## [Problem details]
Set down, word for word, every line of the material below from the one containing "Ewald Oberleitner feierte" through the one containing "Description:Mike Garman professional", but none of its pictures.

## [Data extract]
- - - - - - -
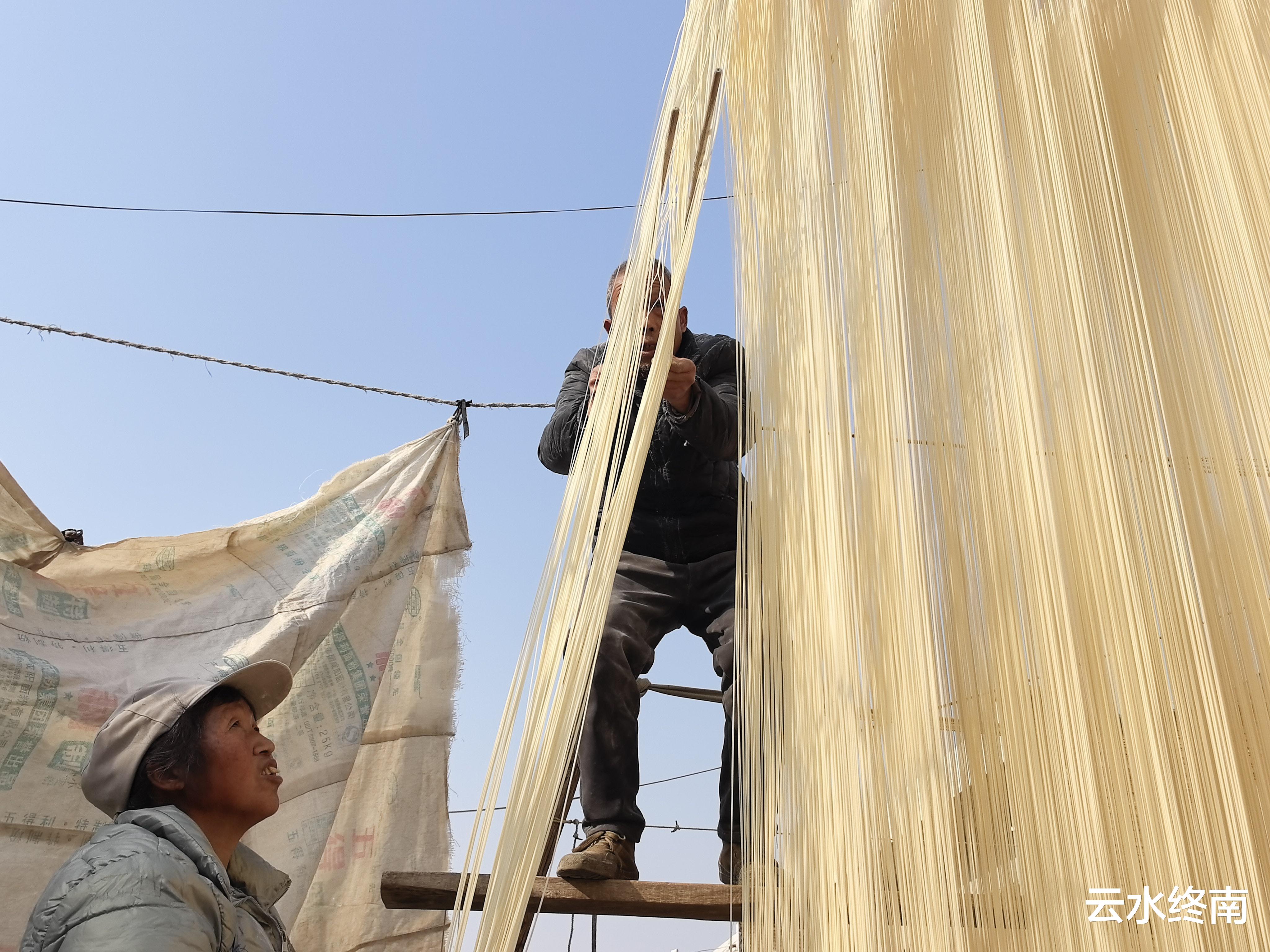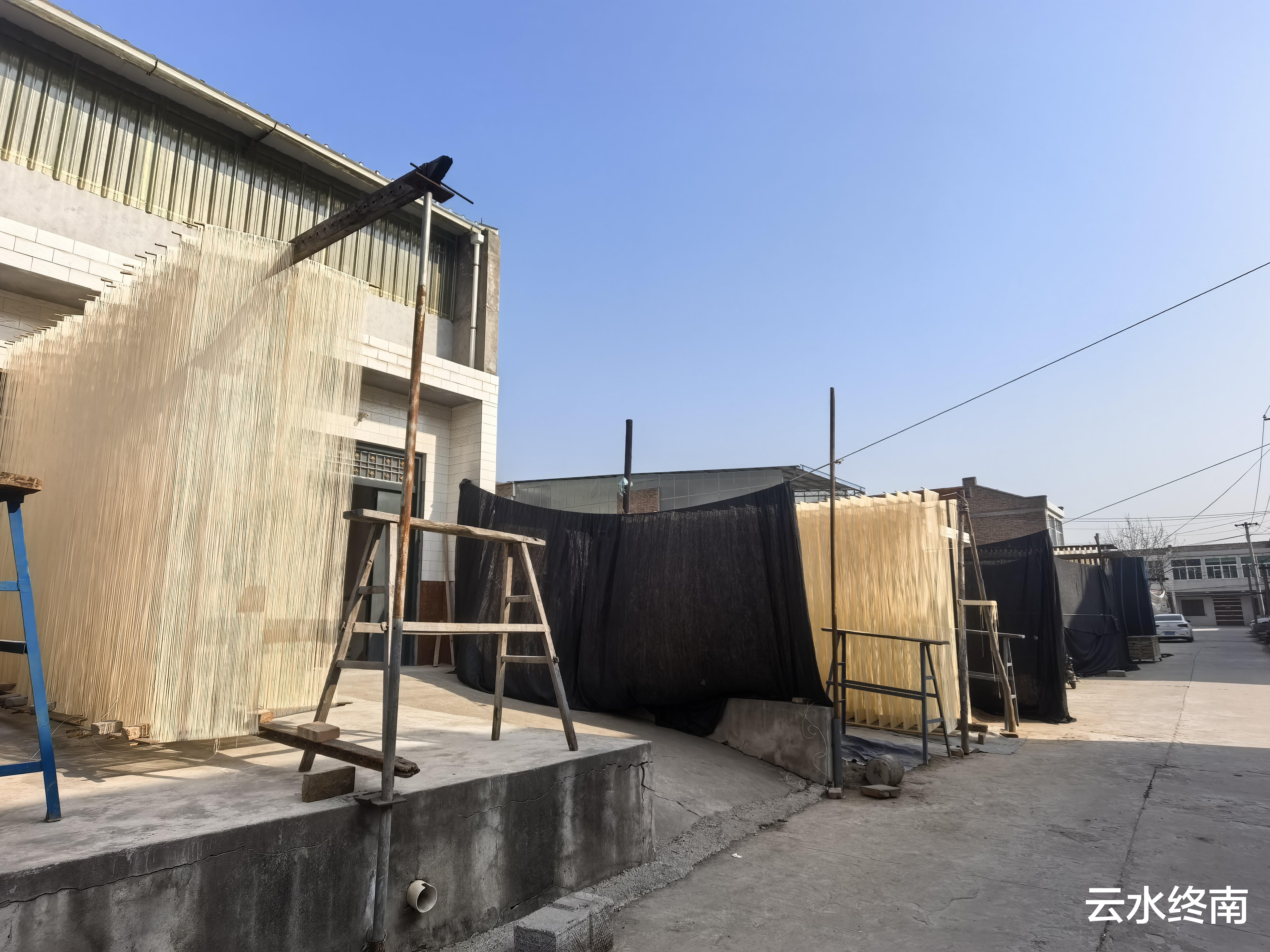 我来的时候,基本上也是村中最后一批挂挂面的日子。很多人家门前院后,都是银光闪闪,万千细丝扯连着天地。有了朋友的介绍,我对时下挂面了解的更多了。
- - - - - - -
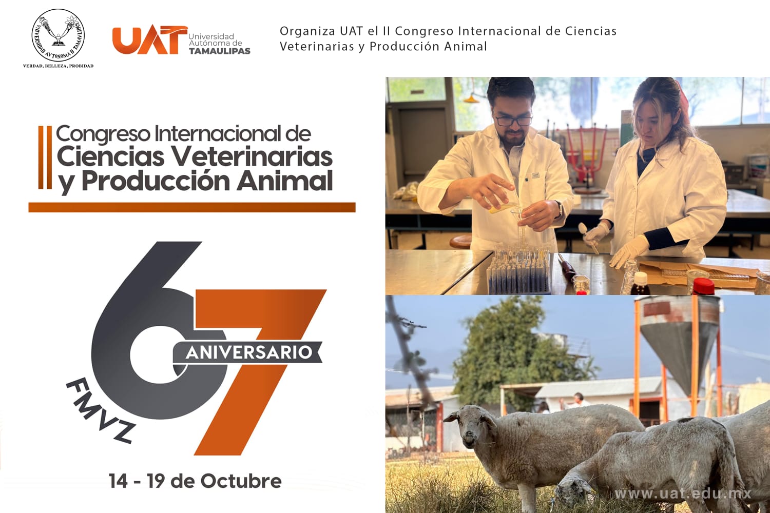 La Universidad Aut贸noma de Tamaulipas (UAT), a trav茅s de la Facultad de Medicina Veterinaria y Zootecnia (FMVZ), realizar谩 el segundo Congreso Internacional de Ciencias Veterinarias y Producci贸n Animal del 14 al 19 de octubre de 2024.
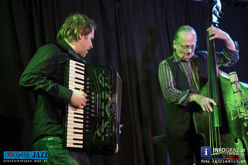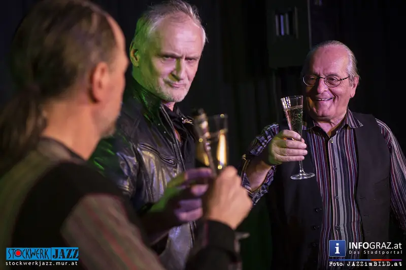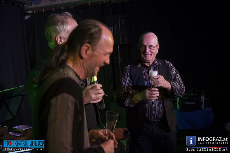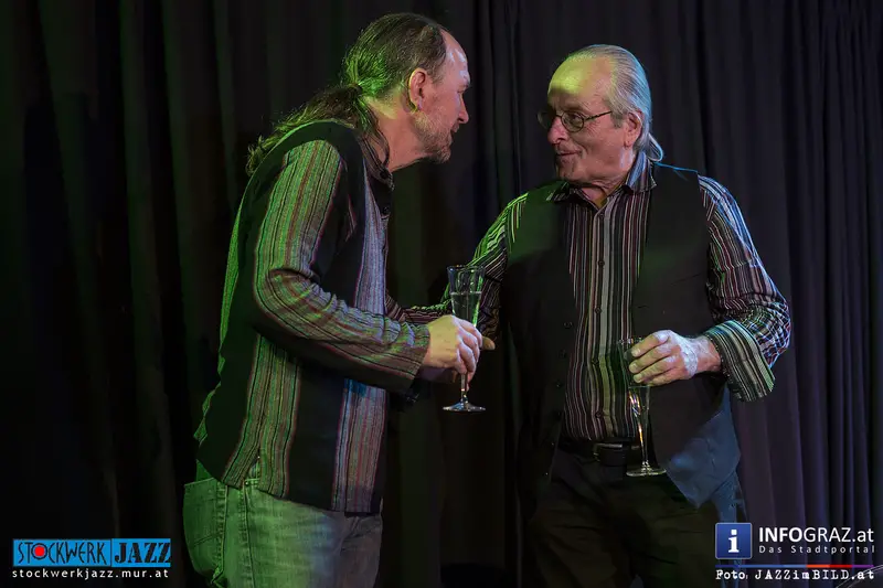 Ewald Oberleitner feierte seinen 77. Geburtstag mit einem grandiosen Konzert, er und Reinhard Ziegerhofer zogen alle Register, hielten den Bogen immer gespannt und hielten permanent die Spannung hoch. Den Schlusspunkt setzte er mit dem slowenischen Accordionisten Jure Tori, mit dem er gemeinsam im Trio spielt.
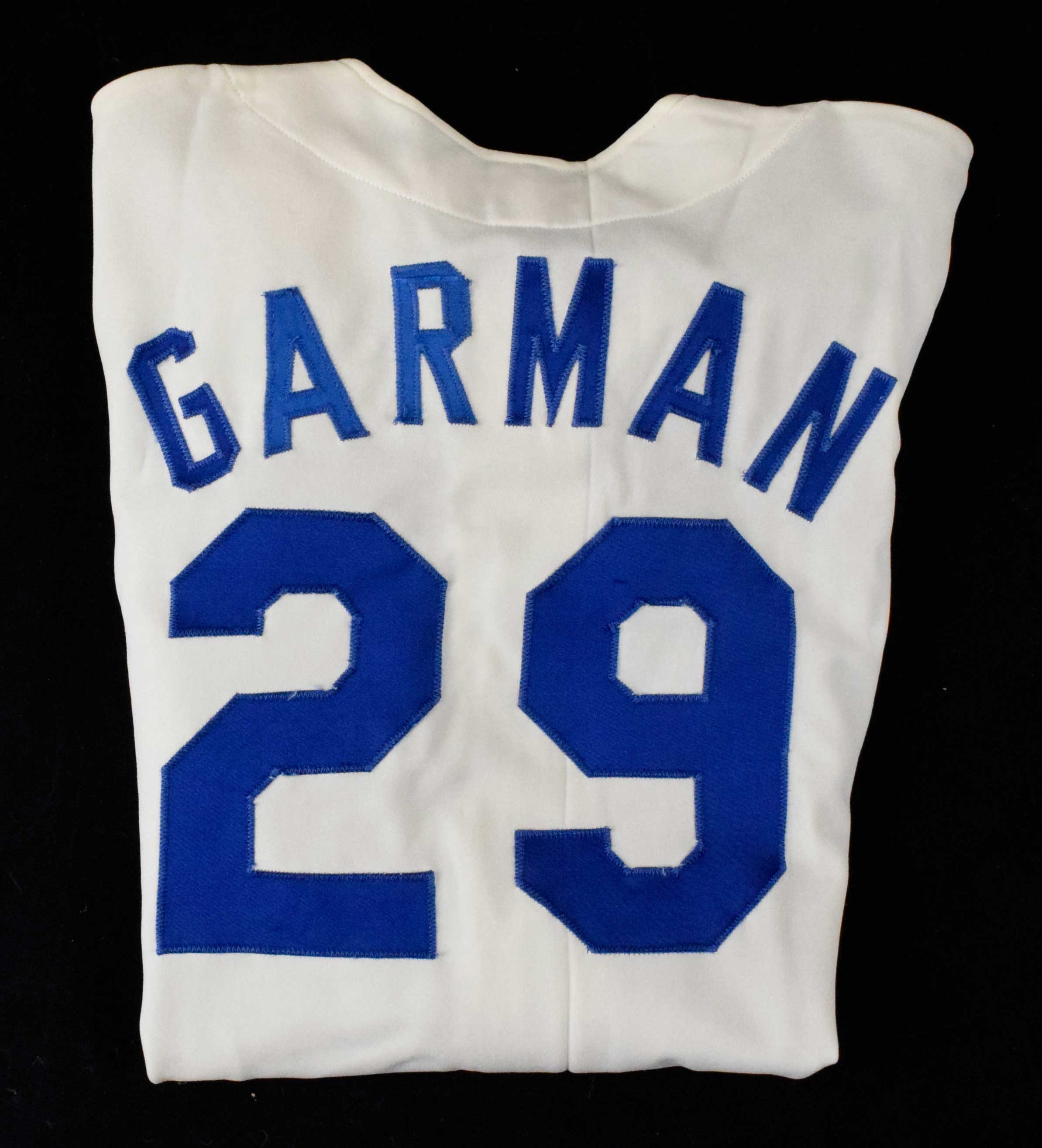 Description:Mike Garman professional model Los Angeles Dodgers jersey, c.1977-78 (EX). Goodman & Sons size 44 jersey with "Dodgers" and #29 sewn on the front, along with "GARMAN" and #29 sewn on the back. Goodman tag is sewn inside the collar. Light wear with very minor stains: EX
- - - - - - -
## [Solution to this task]
 Ewald Oberleitner feierte seinen 77. Geburtstag mit einem grandiosen Konzert, er und Reinhard Ziegerhofer zogen alle Register, hielten den Bogen immer gespannt und hielten permanent die Spannung hoch. Den Schlusspunkt setzte er mit dem slowenischen Accordionisten Jure Tori, mit dem er gemeinsam im Trio spielt.
 Description:Mike Garman professional model Los Angeles Dodgers jersey, c.1977-78 (EX). Goodman & Sons size 44 jersey with "Dodgers" and #29 sewn on the front, along with "GARMAN" and #29 sewn on the back. Goodman tag is sewn inside the collar. Light wear with very minor stains: EX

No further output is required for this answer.